Есть вещь, которую я больше всего не люблю в Рашиде. Это его любовь к очевидным вещам, абсолютно неочевидным для всех, кроме него самого.
Сюрприз – мое второе имя.
Лиза ахнула.
Марька молча достала и аккуратно запаковала в старый ватный спальник спящего парня. Он так и не проснулся. Сопел носом и улыбался, подпихнув под щеку кулак. Просто умничка и заичка, иначе не скажешь. И не подумаешь, что еще пару дней назад этот парнишка охотился на людей.
Макс только посмотрел на нашу сегодняшнюю добычу и ушел подгонять машину. Не бросать же, в самом деле, почти голого непонятно кого в промзоне на Выхино. Босс сам предложил это сделать – пнуть охранника, открыть тяжелые ворота и заехать на территорию под его ответственность.
Не то чтобы он так уж заботился о нашем удобстве, но если бы нам пришлось тащить через проходную спящего человека в спальнике, это было бы слишком похоже на то, что мы выносим отсюда труп.
Незачем лишний раз нервировать посторонних людей.
Было бы хорошо, если бы парень поспал подольше. И я не хотел бы быть тем человеком, которому пришлось бы сообщить ему, что он еще не умер. Когда он проснется, его прошлое все еще будет рядом с ним, как болезнь, которую нельзя вылечить. И ему придется как-то жить с этим.
Не спрашивайте меня, откуда я это знал. Просто знал, и все.
Если бы он потерял память, это было бы милосердно. Проблема в том, что милосердия не существует. Когда ты делаешь что-то ужасное, пусть даже и не по своей воле, это останется с тобой до смерти и, может быть, даже немного дольше. Не думаю, что это наказание или что-нибудь подобное. Просто так все устроено.
Наверное, у меня все-таки было что-то странное с лицом, когда я смотрел на него. Наверняка дело было именно в этом, потому что ни в чем другом оно просто не могло быть. Когда мы сгрузили спальник на заднее сиденье, Лиза оттерла меня в сторонку и внимательно оглядела.
– Как ты себя чувствуешь? – спросила она.

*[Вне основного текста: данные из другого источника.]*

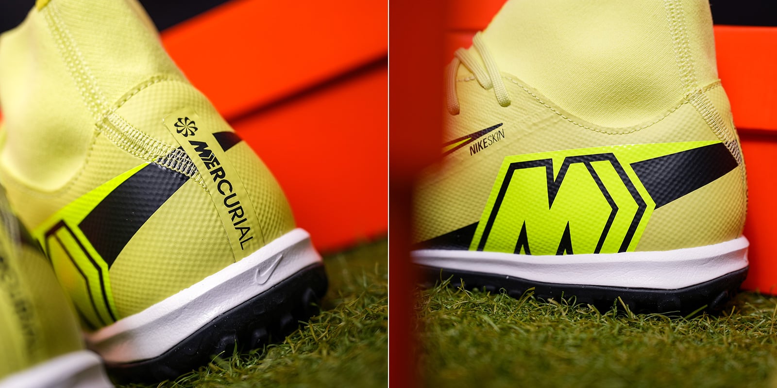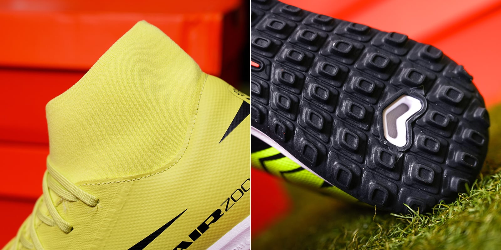 Phiên bản Superfly 10 Academy TF được trang bị đệm Air Zoom ở gót giúp tăng độ đàn hồi và cảm giác “bật” rõ rệt khi di chuyển. Phần upper NikeSkin có các gân nổi chevrons giúp tăng độ bám và cảm giác bóng tự nhiên hơn, hỗ trợ người chơi kiểm soát bóng linh hoạt trong mọi tình huống.

Паршиво я себя чувствовал. Так паршиво, что словами не передать. Некоторые уверены, что обмануть монстра – это не нарушение обещания, а военная хитрость. Нам всем еще в школе выдают примеры того, как можно врать, – и при этом быть героем, а не подонком.
Одиссей, царь Итаки.
Иван Сусанин.
Одноглазый Один из Асгарда.
Все они лучше знали, как надо и в какой стороне от них лежит правда, добро и народное счастье. Я бы дорого заплатил за такую уверенность. Я очень хотел, чтобы парень выжил, пока думал, что это невозможно. Но теперь, когда это произошло, мне уже не казалось, что это лучший вариант.
– Эй, не отключайся, я все еще здесь! – Лиза помахала рукой у меня перед глазами. – Так как ты?
– Бывало и хуже, – сказал я. Почти честно. – Пожрать, помыться, выспаться – и оклемаюсь. Немножко перенапрягся. Но в целом все в порядке.
– Точно? – недоверчиво переспросила Лиза.
– Ну, может, еще в телек потупить, – добавил я. – Рашид очень вовремя появился.
– Рашид никогда не появляется не вовремя, – хмыкнула она.
Но продолжать не стала. И так было понятно, что он спас мне жизнь, а за это можно простить наличие чертовой прорвы мелких недостатков.
Я шел домой.
Было близко к полудню, все вокруг сверкало, и у метро наверняка уже собрались орды торговцев шаурмой и дешевым шмотьем. Я чувствовал себя дохлым, как выпотрошенная рыба. Я даже жрать не хотел, настолько вымотался. Но я был жив.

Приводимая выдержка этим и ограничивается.